### INSTRUCTIONS TO FOLLOW
If a line in the listing below has the string "Women", copy it out.
== Segment start ==
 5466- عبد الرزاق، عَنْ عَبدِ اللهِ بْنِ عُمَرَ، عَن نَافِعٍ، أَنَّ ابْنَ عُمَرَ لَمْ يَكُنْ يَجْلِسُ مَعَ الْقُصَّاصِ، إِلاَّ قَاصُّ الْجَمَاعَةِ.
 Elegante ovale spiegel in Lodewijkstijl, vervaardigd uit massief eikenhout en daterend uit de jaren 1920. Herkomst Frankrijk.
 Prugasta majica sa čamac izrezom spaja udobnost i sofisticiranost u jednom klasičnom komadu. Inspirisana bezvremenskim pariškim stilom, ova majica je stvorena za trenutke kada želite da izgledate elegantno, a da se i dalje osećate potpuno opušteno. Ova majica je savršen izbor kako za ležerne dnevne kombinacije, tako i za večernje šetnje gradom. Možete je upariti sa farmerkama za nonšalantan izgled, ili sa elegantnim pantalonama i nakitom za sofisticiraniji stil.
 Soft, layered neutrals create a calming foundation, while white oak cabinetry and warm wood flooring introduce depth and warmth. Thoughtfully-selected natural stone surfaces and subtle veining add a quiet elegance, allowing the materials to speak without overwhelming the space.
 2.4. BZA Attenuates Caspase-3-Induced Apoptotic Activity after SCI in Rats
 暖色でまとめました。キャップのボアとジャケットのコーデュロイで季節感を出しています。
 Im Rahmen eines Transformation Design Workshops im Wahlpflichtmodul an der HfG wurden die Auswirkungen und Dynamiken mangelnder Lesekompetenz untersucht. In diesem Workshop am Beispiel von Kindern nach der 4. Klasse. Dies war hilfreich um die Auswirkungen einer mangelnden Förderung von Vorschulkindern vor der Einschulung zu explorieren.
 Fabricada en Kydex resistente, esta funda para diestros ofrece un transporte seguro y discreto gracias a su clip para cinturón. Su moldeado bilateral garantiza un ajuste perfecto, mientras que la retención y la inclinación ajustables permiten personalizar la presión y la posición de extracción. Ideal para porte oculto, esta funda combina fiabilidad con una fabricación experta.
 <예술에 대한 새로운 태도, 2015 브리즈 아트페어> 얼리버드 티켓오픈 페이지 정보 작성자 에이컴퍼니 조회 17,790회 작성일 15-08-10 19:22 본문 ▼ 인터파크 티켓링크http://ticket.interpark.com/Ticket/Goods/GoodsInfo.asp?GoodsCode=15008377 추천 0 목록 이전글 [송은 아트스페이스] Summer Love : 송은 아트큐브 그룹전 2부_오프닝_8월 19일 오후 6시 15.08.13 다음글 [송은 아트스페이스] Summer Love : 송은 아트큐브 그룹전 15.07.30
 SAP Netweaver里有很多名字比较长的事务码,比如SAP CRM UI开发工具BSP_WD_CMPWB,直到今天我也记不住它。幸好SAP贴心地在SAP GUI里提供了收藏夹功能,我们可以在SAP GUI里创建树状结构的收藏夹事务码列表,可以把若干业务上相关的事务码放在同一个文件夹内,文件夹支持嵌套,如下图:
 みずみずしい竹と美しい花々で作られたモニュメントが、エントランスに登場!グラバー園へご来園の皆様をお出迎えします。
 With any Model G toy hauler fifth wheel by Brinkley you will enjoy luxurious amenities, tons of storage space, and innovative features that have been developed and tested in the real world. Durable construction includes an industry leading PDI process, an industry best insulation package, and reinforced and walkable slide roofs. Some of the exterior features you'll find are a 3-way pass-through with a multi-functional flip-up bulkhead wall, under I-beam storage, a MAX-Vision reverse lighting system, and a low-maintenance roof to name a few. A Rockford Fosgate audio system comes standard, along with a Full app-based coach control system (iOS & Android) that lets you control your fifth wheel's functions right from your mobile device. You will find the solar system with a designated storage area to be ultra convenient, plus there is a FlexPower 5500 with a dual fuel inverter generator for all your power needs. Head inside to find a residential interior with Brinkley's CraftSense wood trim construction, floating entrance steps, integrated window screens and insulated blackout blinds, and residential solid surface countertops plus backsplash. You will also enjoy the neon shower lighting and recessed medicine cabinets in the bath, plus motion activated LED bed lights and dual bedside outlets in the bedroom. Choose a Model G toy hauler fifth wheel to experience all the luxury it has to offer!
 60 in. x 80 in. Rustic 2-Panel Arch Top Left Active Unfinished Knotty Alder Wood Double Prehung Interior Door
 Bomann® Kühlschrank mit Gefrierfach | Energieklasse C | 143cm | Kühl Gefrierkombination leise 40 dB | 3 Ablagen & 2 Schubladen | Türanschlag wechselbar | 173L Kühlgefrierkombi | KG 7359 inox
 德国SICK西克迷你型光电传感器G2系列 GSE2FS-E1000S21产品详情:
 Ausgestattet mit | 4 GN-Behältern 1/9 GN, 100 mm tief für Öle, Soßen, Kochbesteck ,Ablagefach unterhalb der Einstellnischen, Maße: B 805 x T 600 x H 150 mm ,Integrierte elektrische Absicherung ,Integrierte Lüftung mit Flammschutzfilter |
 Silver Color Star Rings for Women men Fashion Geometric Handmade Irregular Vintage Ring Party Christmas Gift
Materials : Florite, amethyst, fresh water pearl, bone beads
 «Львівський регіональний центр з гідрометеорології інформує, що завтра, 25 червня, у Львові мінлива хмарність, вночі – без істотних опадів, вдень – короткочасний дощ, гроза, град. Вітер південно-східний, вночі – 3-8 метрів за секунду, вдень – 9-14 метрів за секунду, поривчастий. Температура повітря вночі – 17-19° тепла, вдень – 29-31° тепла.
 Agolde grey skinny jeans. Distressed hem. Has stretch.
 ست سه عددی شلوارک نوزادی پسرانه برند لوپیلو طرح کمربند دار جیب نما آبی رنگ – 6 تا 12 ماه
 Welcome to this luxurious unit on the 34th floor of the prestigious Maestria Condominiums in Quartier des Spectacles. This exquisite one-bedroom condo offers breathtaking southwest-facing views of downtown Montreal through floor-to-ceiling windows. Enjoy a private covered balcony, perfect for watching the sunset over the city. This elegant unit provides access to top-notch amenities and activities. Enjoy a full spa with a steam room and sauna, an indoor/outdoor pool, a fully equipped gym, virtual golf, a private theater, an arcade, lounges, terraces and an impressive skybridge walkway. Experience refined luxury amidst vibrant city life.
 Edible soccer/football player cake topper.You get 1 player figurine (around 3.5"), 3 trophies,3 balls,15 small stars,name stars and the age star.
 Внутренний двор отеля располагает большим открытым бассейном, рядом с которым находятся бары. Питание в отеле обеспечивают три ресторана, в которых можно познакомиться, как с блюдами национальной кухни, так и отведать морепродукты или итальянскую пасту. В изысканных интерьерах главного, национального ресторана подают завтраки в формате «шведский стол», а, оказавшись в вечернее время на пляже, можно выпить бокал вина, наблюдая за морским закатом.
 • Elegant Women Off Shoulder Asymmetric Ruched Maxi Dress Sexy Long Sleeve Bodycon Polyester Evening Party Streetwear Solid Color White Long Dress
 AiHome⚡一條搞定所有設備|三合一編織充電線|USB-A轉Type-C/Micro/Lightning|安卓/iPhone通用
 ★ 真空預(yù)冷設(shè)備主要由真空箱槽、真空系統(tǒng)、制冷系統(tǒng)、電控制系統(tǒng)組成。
== Segment end ==
### RESULT OF THE TASK
 Silver Color Star Rings for Women men Fashion Geometric Handmade Irregular Vintage Ring Party Christmas Gift
 • Elegant Women Off Shoulder Asymmetric Ruched Maxi Dress Sexy Long Sleeve Bodycon Polyester Evening Party Streetwear Solid Color White Long Dress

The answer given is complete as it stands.